こんなにも色気を含んだ男の低声は、テレビや音楽でも聞いたことがない。声で陥落しそうになるなんて、そんなことあっていいんだろうか。
それとも、彼だからこんな過剰に意識してしまうのか。
いや駄目だ、流されたら……!
一線を超えた先に待っているのは、壮絶な痛みと羞恥心。この前の一件で深く胸に刻み込んだ。
「やめろよ! もう絶対しない!」
秋はドアを背に振り返り、矢代の手を強く払った。
矢代は特に意に介さず、不思議そうに腕を組む。
「そうか? 授業中、というか一日中物欲しそうな眼で俺を見てただろ」
「この、妄想も大概に……あっ!」
否定するより先に、首元を矢代に吸いつかれ、秋は高い声を上げた。
「キスマークってのも悪くないな」
矢代は口を離してから、そんな事を呟いた。
「は!? つけたのか!?」
「気になるなら後で鏡で確認してみろ」
どこまでも勿体ぶった矢代の態度に、秋は愕然とする。
「……っとに最低だな、アンタ! 死ね!!」
「それはどーも。消えるまで迂闊に男を近付かせないことだな。無論、女も」
結局どこへ逃げても、行き着くところは同じだったのかもしれない。
「いいか。他の男に靡くことは絶対に許さない」
彼に捕まってしまった時から───きっと自分は、彼のモノ同然だったんだ。
「いや……だ……っ」
時間が流れる。秋は冷たい床の上で派手に仰け反った。
いくら人目を全く気にしない密室に居るとはいえ、今の姿はひどすぎる。
まさか、学校で全裸になる日が来るとは思わなかった。
俺は前世で大きな罪でも犯したのか?
そうでなきゃ、いくらなんでもひどすぎる仕打ちだ。
「すごく良い眺めだよ、秋。
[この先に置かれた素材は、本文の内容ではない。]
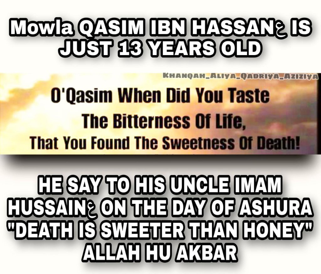 🌹क़ासिम बिन हसन की शहादत : हज़रत क़ासिम इमाम हुसैन अलैहिस्सलाम के बड़े भाई इमाम हसन के बेटे थे । उस समय उनकी उम्र लगभग तेरह साल थी I रोज़े आशुर चचा हुसैन के पास आये और कहा बाबा हसन ने मेरे बाजू में एक तावीज़ बाँधा था और कहा था बेटे जब कभी सख्त परेशानी आ जाये तो इस तावीज़ को खोलकर अपनी आँखों से लगा लेंना I मैंने इस तावीज़ को आज जब खोल कर देखा तो उस पर लिखा था की भाई हुसैन के साथ तुम्हे भी दींन की हिफाज़त करने जाना पड़ा तो उनसे पहले तुम्हें अपनी कुर्बानी देनी होगी, लिहाज़ा चचाजान ये बाबा का हुक्म है मुझे आप यज़ीदी सिपाहियों का सामना करने जाने दे, आपने कहा “ अए बेटे तुम मेरे भाई हसन की निशानी और वारिस हो अभी तुम बहोत छोटे भी हो तुम्हे मै जंग में जाने की इजाज़त भला किस तरह से दे सकता हूँ तुम्हें देखता हूँ तो मुझे भाई हसन नज़र आते है तुम्हारे चेहरे को देखता हूँ तो नाना जान का नूरानी जलवा नज़र आता है । मगर आपने जवाब दिया चचाजान मेरी रगों में बाबा हसन और दादा अली का खून है, ये तो मेरी खुशकिस्मती है की कम उम्र में ही मुझे जंग करने का मौका मिला है । आप मुझे इजाज़त दे I और फिर इमामे आली मकाम हुसैन अलैहिस्सलाम से इजाज़त लेकर जब ये शेर यज़ीदी फौज मे गया तो इस शेर की तलवार के जौहर से यज़ीदी पीछे हट गए, इतनी कम उम्र में भी हज़रत क़ासिम ने इतनी हिम्मत और बहादुरी से लड़ाई लड़ी कि यज़ीदी फ़ौज के बड़े बड़े सूरमाओं के भी छक्के छूट गए. क़ासिम की बहादुरी देख कर अम्र बिन साअद जैसे बड़े पहलवान को हज़रत क़ासिम के सामने आना पड़ा जिसके बारे में ये मशहूर था की वो एक हज़ार की फौज पर अकेले ही काबू पा सकता था और इस बदबख्त ने हज़रत क़ासिम के सर पर तलवार मार कर उन्हें शहीद कर दिया ((इन्ना लिल्लाहि व इन्ना इलैही राजेउन)) 😭😭😭😭😭😭😭😭 HASSANع KA LAL ZEEN PAE THA THO QASIMع THA ZAMIN MAE AYA THO TAQSEEM HOGYA HAYE… EK GATHRI MAE PAMAL QASIMع HOGYA…
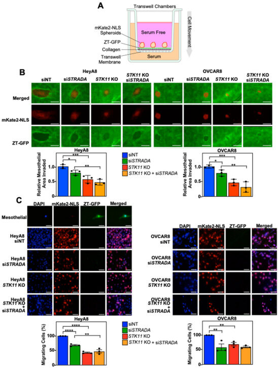 Next, we modeled EOC invasion across the peritoneal lining by reattaching mKate2-NLS-expressing EOC spheroids to a confluent monolayer of ZT-GFP cells on a Transwell membrane coated with rat-tail collagen. Prior to reaching the bottom Transwell chamber, spheroid cells cleared the mesothelial layer and invaded through the pores of a collagen-coated Transwell membrane towards the serum-containing media (Figure 3A). We observed that both STK11 KO and STRADA knockdown decreased mesothelial clearance in both cell lines (Figure 3B). Few ZT-GFP mesothelial cells invaded the Transwell membrane, whereas the number of HeyA8 and OVCAR8 cells was significantly decreased by downregulating LKB1 and STRADα (Figure 3C). Therefore, LKB1-STRADα signalling pathways are essential for EOC spheroids to disperse the mesothelial lining and invade underlying matrix proteins.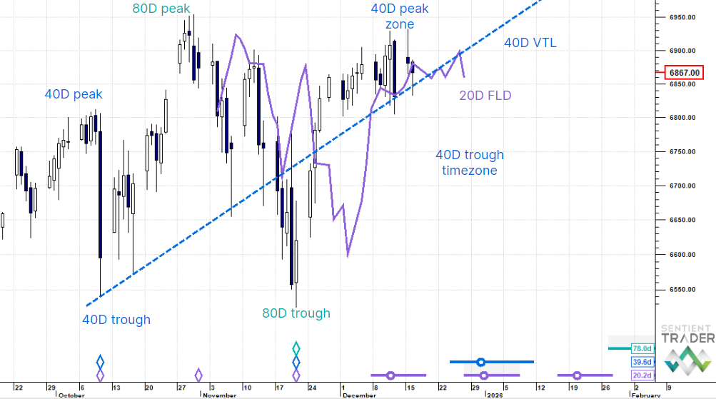 We look to be passing through a 40 day cycle peak zone with the next trough due early January.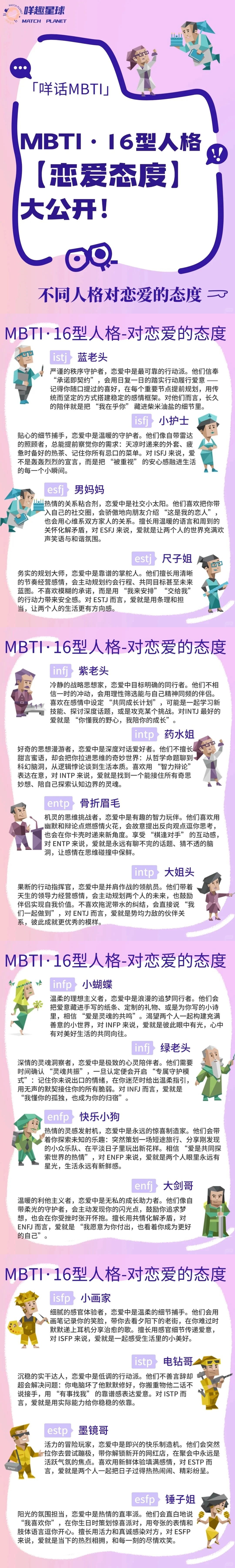 ps:其实不管是星座还是mbti,没办法完全了解一个人,如果你有心仪的ta,可以从mbti作为话题的切入点,但这不是全部,人都是多面性的,还是要多多见面、多多交流才能更了解一个人~

最高だな」
制服はもちろん下着も全てはぎとられ、両手はネクタイで縛られている。部屋自体は大して寒くない事が幸いだったが、それでもこの羞恥心は例えようもない。
それに何より、辛い理由は………。
「あぁ、また緩くなった。やっぱりお前の順応性はすごいな?」
「うあっ!?」
彼が動いたと同時に感じる痛み。
腰を掴まれ、後ろから突き上げられる、この繋がった感覚が辛かった。